Die Klimakrise war im Wahlkampf bisher kaum Thema. Heute gehen in ganz Deutschland Menschen auf die Straße, um für mehr Klimaschutz zu demonstrieren. Der Klimastreik ruft dazu auf, Klimaleugnern und Rechtsradikalen nicht den Diskurs zu überlassen.
14.02.2025 – Am heutigen Freitag ruft die deutsche Sektion der internationalen Klimastreik-Bewegung Fridays For Future dazu auf, für Klimaschutz und eine lebenswerte Zukunft auf die Straße zu gehen. Die Aktivisten fordern von den Parteien, die Klimakrise ernst zu nehmen und dies auch zu kommunizieren. Notwendig sei eine Klimapolitik, die auf wissenschaftlichen Fakten basiere und alle Menschen mitnehme.

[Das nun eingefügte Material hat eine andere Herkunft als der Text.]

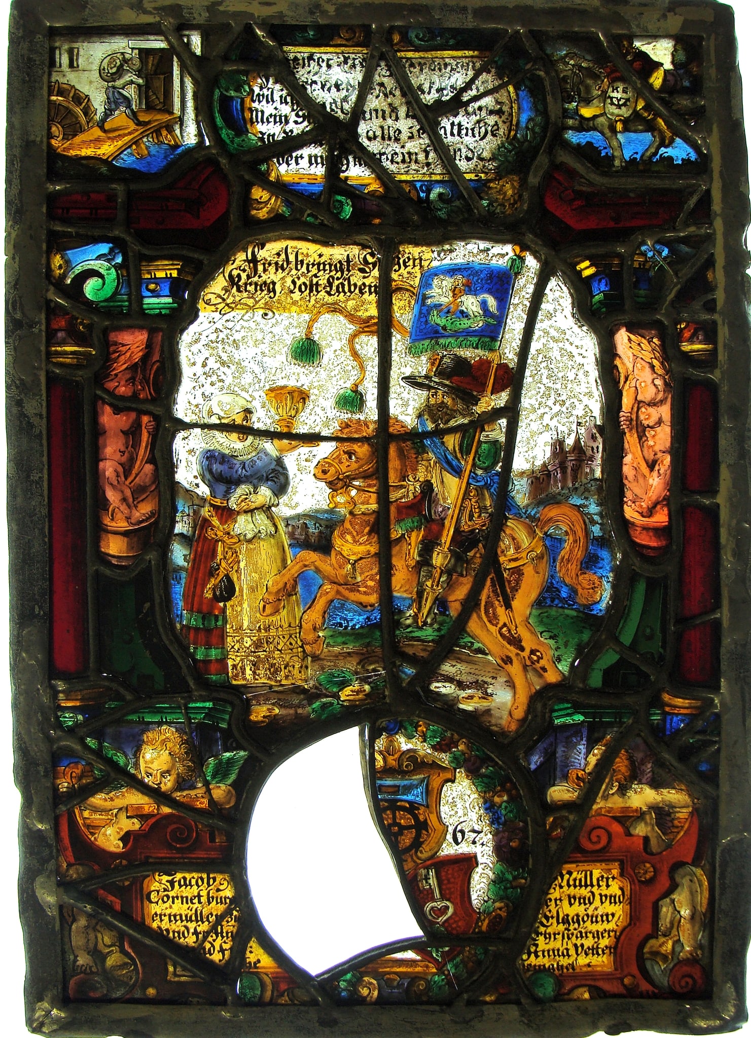 An architectural frame of red columns, green capitals, and pink caryatids on green bases encloses the central scene. An inscription plate appears above. In the upper left-hand corner, a miller carries grain to a mill. On the right, a miller rides on horseback with a bag of grain or flour across the saddle. The central scene shows a woman on the left who holds an elaborate stemmed cup in her upraised right arm. On her right, a rider on a prancing horse holds a banner. In the green background is a blue lake, while in the distance there is a town in purple. Below; two putti flank an elaborate inscription cartouche at whose center is a coat of arms surrounded by a wreath.

„Nicht nur, dass die Klimakrise in den letzten Monaten kaum eine Rolle gespielt hat, noch viel schlimmer, die öffentliche Debatte drehte sich nahezu nur um die Themen der Rechten“, kritisiert das Klimabündnis. Den Rechten dürfe nicht Bühne und Debatte überlassen werden. „Es steht viel auf dem Spiel: Wir können gewinnen – aber auch alles verlieren.“
Demonstrationen gegen Rechts
Angestoßen durch eine Debatte um Migration im Bundestag fanden in ganz Deutschland in den vergangenen Wochen zahlreiche Demonstrationen gegen Rechts statt.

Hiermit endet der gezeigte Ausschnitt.